Others, such as the eastern North American varieties, live underground, feeding on fluid from tree roots and emerging as nymphs every thirteen or seventeen years in vast numbers of males to live a riotous life for four to six weeks of maturation, singing and copulation, before retreating underground again for another thirteen to seventeen years. Quite a life style! Male cicadas sing not in the usual insect way of rubbing different body parts together, but by thrumming and vibrating tymbals, membranes which are parts of the exoskeleton on the insect's abdomen.
These beautiful, large insects have been regarded as very special by many civilisations down the ages. Already in the Neolithic period in China, jade versions of the cicada or tsan have been found. They were thought to be an important element of burial practices from those early times. These jade cicadas were placed on the tongue of the deceased, part of a set of jade plugs or coverings for the whole body. Cicadas represented rebirth and immortality, and thus their presence at burial sites would help to ensure a rebirth, just as the cicada re-emerges from the ground once more. Perhaps their placement on the tongue also evoked the cicada's song, the loudest of all insects.

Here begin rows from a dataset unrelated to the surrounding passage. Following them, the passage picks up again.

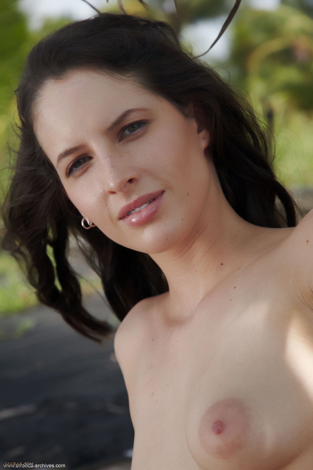Описание: Расположившись рядом с пальмой на тропическом острове, голая брюнетка с худенькой фигурой, чередует разные возбуждающие ракурсы. Вставая на коленки и присаживаясь на сухую ветку, сексуальная девушка особенно яростно показывает небольшие сиськи и сексуальную бритую письку.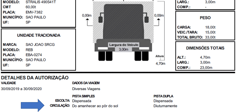 - Horários de Trânsito do AMANHECER AO POR DO SOL em pistas simples e 24 horas por dia em rodovias de pistas múltiplas.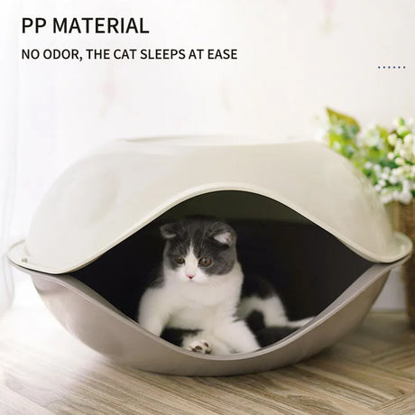 Semi Enclosed Eggshell Cat Bed for Indoor Use

The poor man's version of these burial cicadas was made of glass, cut with a wheel to shape the flat wings.
During the late Shang period ((1766–1122 BC), cicadas had also been incorporated in Chinese bronze vessels and other objects.
To this day in China, cicadas may not be used for burial rites, but they still occupy an important part in artistic inspiration in different media.

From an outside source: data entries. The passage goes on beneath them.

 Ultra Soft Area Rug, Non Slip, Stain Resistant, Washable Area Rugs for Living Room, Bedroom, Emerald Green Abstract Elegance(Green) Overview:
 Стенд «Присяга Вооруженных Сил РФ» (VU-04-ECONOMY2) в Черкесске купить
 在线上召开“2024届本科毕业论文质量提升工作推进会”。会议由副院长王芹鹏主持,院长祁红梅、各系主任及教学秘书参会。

Cicadas became revered insects in other early cultures across Asia and beyond. Some theorise that their shedding their skins and emerging once more, together with their reappearance from underground, all meshed with Buddhist beliefs, thus echoing the earlier associations of rebirth and immortality. Of course, the Japanese celebrated the cicada in netsuke, such an appropriate use.
The nomadic Huns carried this reverence for cicadas with them as they roamed Eastern Europe, the Caucasus and beyond into Central Asia during the 1st-7th century AD.

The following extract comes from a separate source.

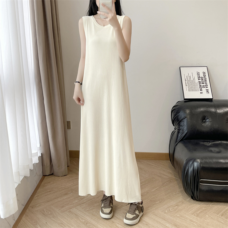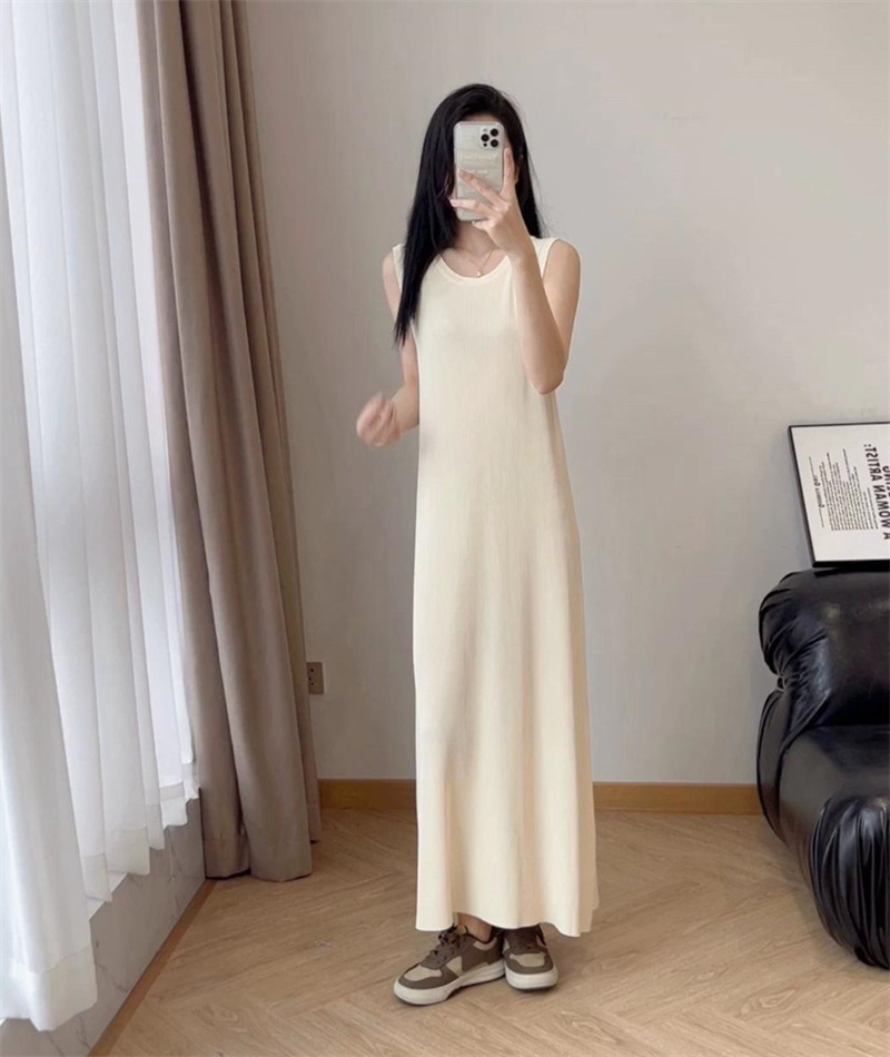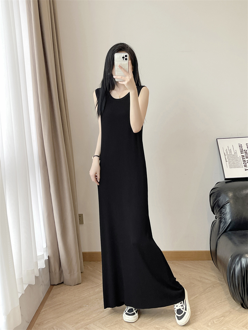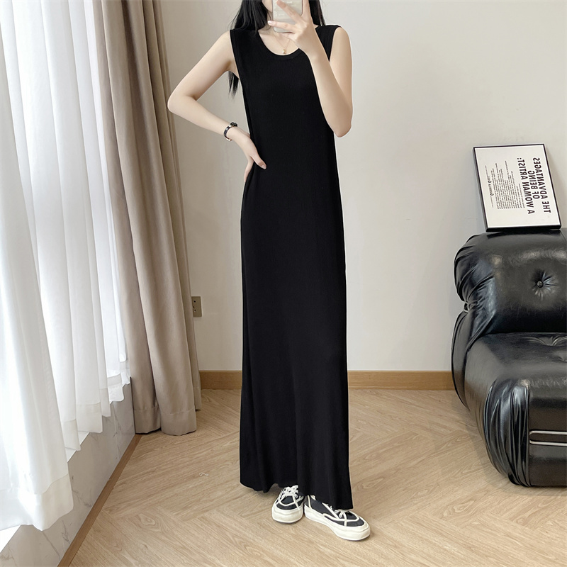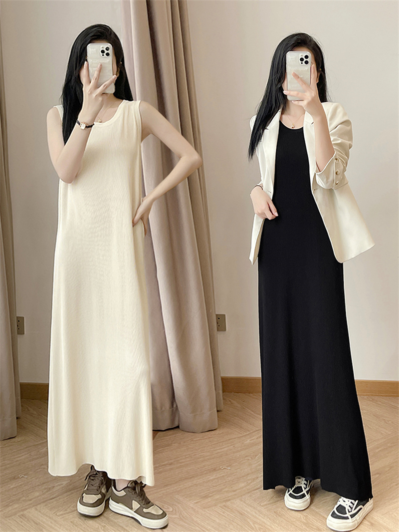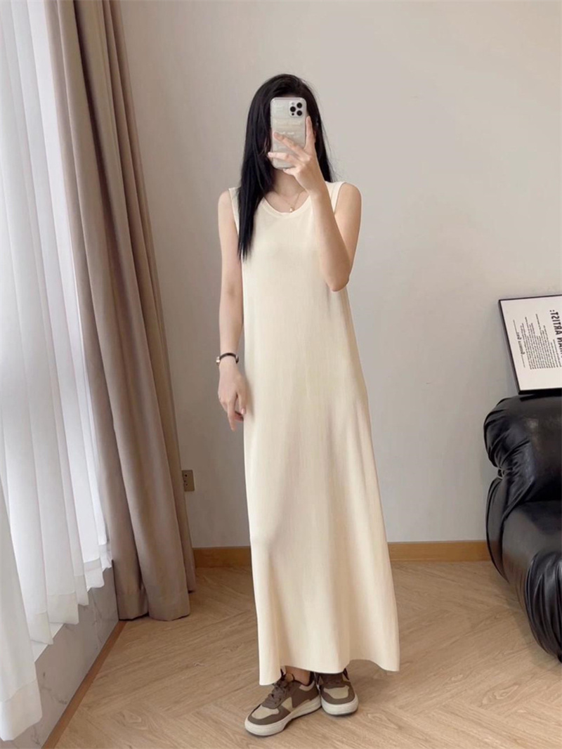 冰絲無袖背心裙女夏季新款寬松顯瘦超長款及踝內搭吊帶針織連衣裙

Probably the Huns stimulated the next wave of "cicada mania" to roll west towards Europe.
While cicadas were inspiring artists and craftsmen down the millennia, they were also inspiring writers. Homer talks of them in the Iliad, Artistotle describes them in his History of Animals, as does Pliny the Elder in his Natural History. The Greeks and Romans had many stories about cicadas that are delightful. In the Japanese novel, The Tale of Genji, cicadas become a metaphor for a beloved shedding her gown as does the insect shed its shell when molting. The classic 14th century Chinese novel, Romance of the Three Kingdoms, combines the name of the sable tails (diāo) and jade cicada decorations (chán) on the hats of high-ranking officials for the name of the heroine, Dianochan.
More recently, the cicada's symbolism has widened. The French regard them as insouciant, as was illustrated by Jean de la Fontaine in his story, La Cigale et la Fourmi (The Cicada and the Ant), based on one of Aesop's famous fables. The Japanese associate the end of summer with them. The Argentinian composer-poet, Maria Elena Walsh, drew on the cicada's connections with immortality to write a famous song of defiance and survival, "Como la Cigarra", ("Like the Cicada").
I understand why so many of us relate to these amazing insects. They remind us of the complexities of nature with their unusual life cycles. They intimate that life can go on again after seeming pauses. Their elegance of wing patterns and unusually large size draw our attention and respect. They sing of love, loudly, insistently, with their own particular tunefulness. Most of all, they have inspired wonderful creativity down the ages,for which we are all the richer.